1. Start with the longest section of balustrade you will need (so you can cut shorter Rails from those if you make a mistake.)

2. Mark desired Handrail height onto Column at location where Rail will be attached. Beneath that, mark the location for the top of the Subrail. Label this second mark #1. (Local building codes may dictate Rail height.)

3. Hold a short piece of thin scrap wood (should be same width as Handrail) in place at mark #1. Scribe curvature of the Column onto this scrap piece. Use a coping saw to cut curvature into this scrap. Test for fit against Column at mark #1. Redo if necessary.
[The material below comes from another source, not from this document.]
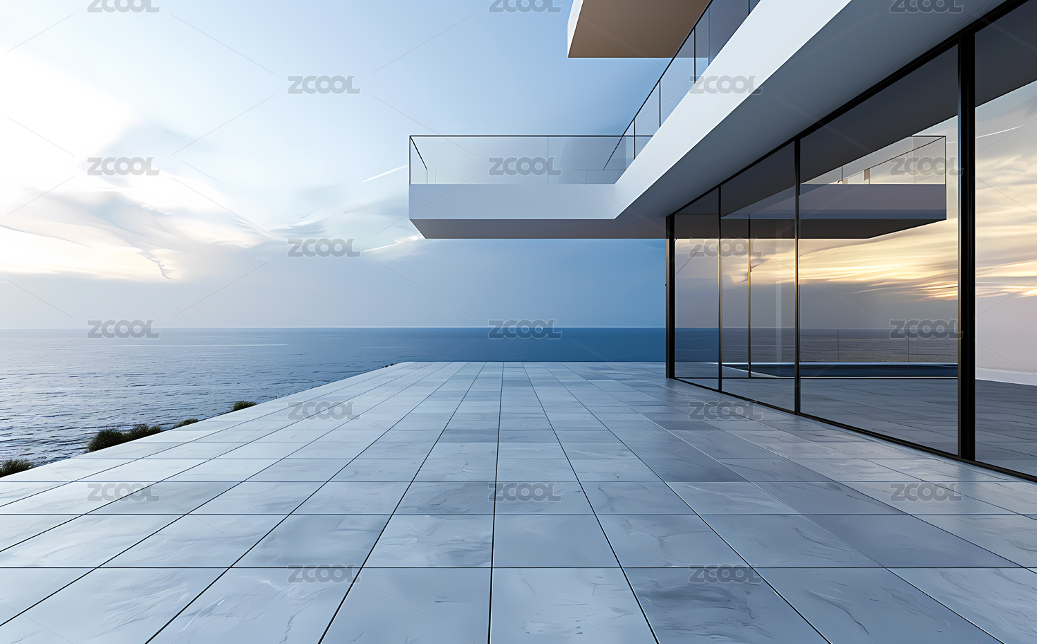 别墅,海景,滨海,现代建筑,天空,干净,明亮,海报,现代,简约

When satisfied with the fit, label this piece as template #1. Repeat process where other end of Handrail and Subrail will be installed, creating mark #2 and template #2.

4. Measure the total distance from mark #1 across to mark #2 and note that as balustrade section #1. (Remember to start with the longest balustrade section.)

5. Set your two templates onto Subrail so they are the proper distance apart for balustrade section #1. Trace their curvature onto the top of Subrail.

6. Use a coping saw to cut the curvature into both ends of Subrail. Test fit at marks #1 and #2. Adjust end curvatures if necessary.

7. Repeat step 5 and 6 for top piece of Sloped-top Bottom Rail. Later you will use these same templates for bottom piece of Bottom Rail and for Handrail, but it is best to first complete on balustrade section without those to be sure everything is fitting properly.

8. Because of the curvature at the ends of the Rails, balustrade sections must be built in place between the Columns. Otherwise, the main instructions at the top of this page and in the following sections can now be followed to complete your first balustrade section. You can attach metal "L" brackets (as mentioned at Balustrade Section Installation) to your Columns with toggle bolts by pre-drilling pilot holes in each Column for the toggle bolts.